Figure 1. A risk register should form the heart of any program.
A company must align awareness and training in its ICS cybersecurity program. Figure 1 shows the general structure of a typical program. At the heart of such a program is the risk register. It is a living document that feeds into the core elements of a cybersecurity program — governance, risk management, implementation and operations. In this article, we’ll highlight various topics to underscore the awareness and training requirements for these core elements. While by no means a complete list, the subjects covered will draw attention to some key topics within ICS cybersecurity and the prevailing thought process in the industry.
Risk Management
This begins with assessments of manufacturing sites to understand the current risk profile and generate a risk register. A common misconception is that you must treat each vulnerability as a potential risk to operations. Such an approach results in an unwieldy and unmanageable list of recommendations that have little or no relation to operational risk. Risk management methodology must focus on the importance of translating vulnerabilities and threats to operational risk within the plant environment.

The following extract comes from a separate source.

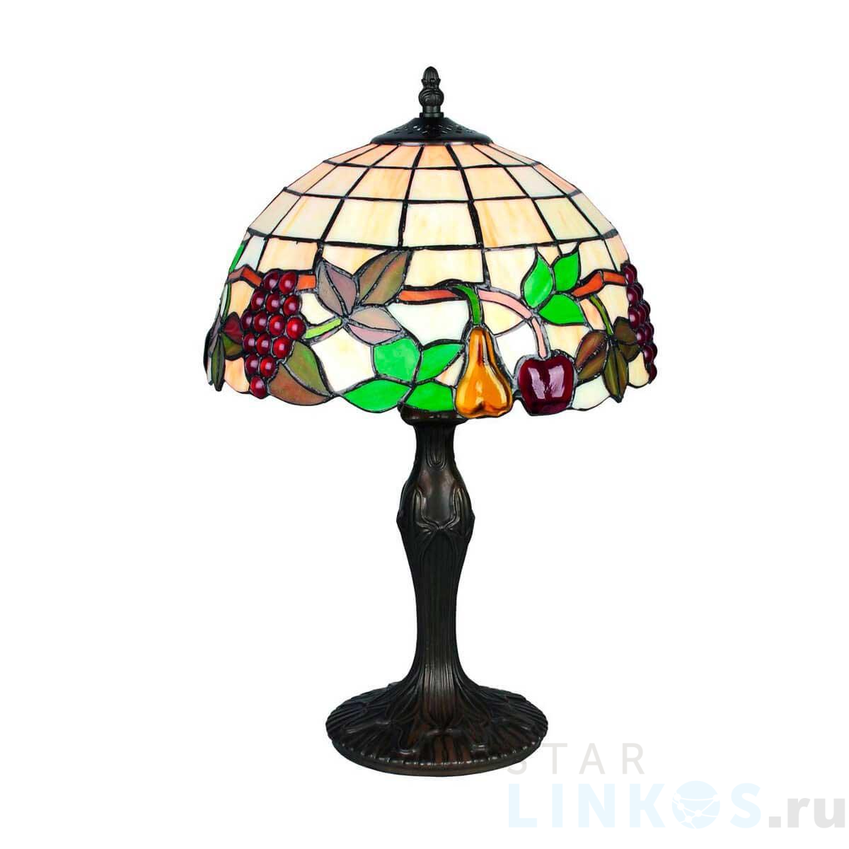Поставщик рекомендует использовать лампы накаливания с цоколем E27 для освещения площади 3,3 м2. Настольная лампа Omnilux OML-80304-01 в стиле Тиффани используется в интерьере кухни с установкой на стол.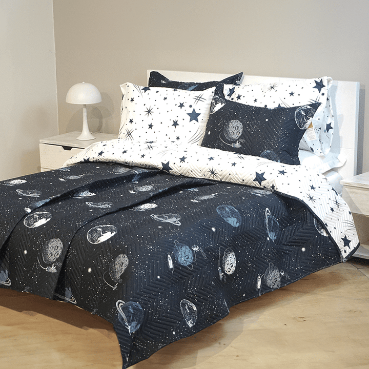 KIT COLCHA ULTRADELGADA + JUEGO DE SABANA ASTRONAUTAS

Risk assessment methodology like cyber PHA (process hazards analysis) uses well-understood concepts within the process community such as loss of view and loss of control, exploitation of vulnerabilities and threats that are contextualized for a process engineer and described in relatable terms. Figure 2 illustrates such an approach.
[sidebar id =2]
Network Architecture
Securing an ICS network starts with developing a good as-built network architecture and segmentation rules incorporating industry best practices. Most common cybersecurity issues result from misconfigured networks and devices. So, let’s look at some prevailing gaps in network architecture and design, common misconceptions and underappreciated issues:
• Is my process control network (PCN) segmented? A control system platform typically consists of many different consoles and application software performing diverse functions commonly referred to as engineering work station (EWS), human/machine interface (HMI) server, operator clients, local historian, maintenance station and others. It’s common practice to: include EWS functionality on a client located in the field, combining local historian and HMI server in the same computer; put critical systems such as a safety instrumented system on the same subnet as the rest of the control network; and share data from the distributed control system (DCS) across the “fence line” with third-parties such as customers, equipment suppliers, etc. (The source of a recent cybersecurity breach at a pipeline infrastructure company was tracked to a compromised network at one of its suppliers.) In general, the consequence of a cybersecurity incident will differ significantly depending on which functionality/asset is compromised. Therefore, the network architecture should reflect this by segmenting assets of similar functionality/criticality into their own security zones and conduits as shown in Figure 3. A zone and conduit framework helps in breaking the overall system into smaller manageable pieces to aid in analyzing the vulnerabilities, gaps and risks within each zone and designing appropriate security control measures.
• How resilient is my PCN? Such networks have evolved over time from air-gapped proprietary ones to networks that integrate open protocols, remote access, manufacturing execution system applications, etc. The configuration and administration of a PCN typically takes place in an ad hoc manner for a variety of reasons, e.g., lack of dedicated resources, fear of interrupting operations by modifying network settings, and deadlock between IT and OT. Common configuration errors and vulnerabilities include spanning tree topology settings, misconfigured virtual local area networks and access port settings, etc. Consequently, these networks aren’t as resilient as expected and are vulnerable from an availability perspective. Even a minor change to the network such as upgrading a managed switch can result in unpredictable behavior. (Upgrading a switch with one from the same manufacturer has led to major sections of a PCN breaking down, substantially impacting operations. It took several weeks of troubleshooting to identify the root cause and mitigate the problem.) Optimizing the network performance by correcting misconfigurations and locking down security loopholes will significantly increase the availability and resiliency of the PCN. This potentially is “low hanging fruit” that provides immediate return on investment without significant capital outlay.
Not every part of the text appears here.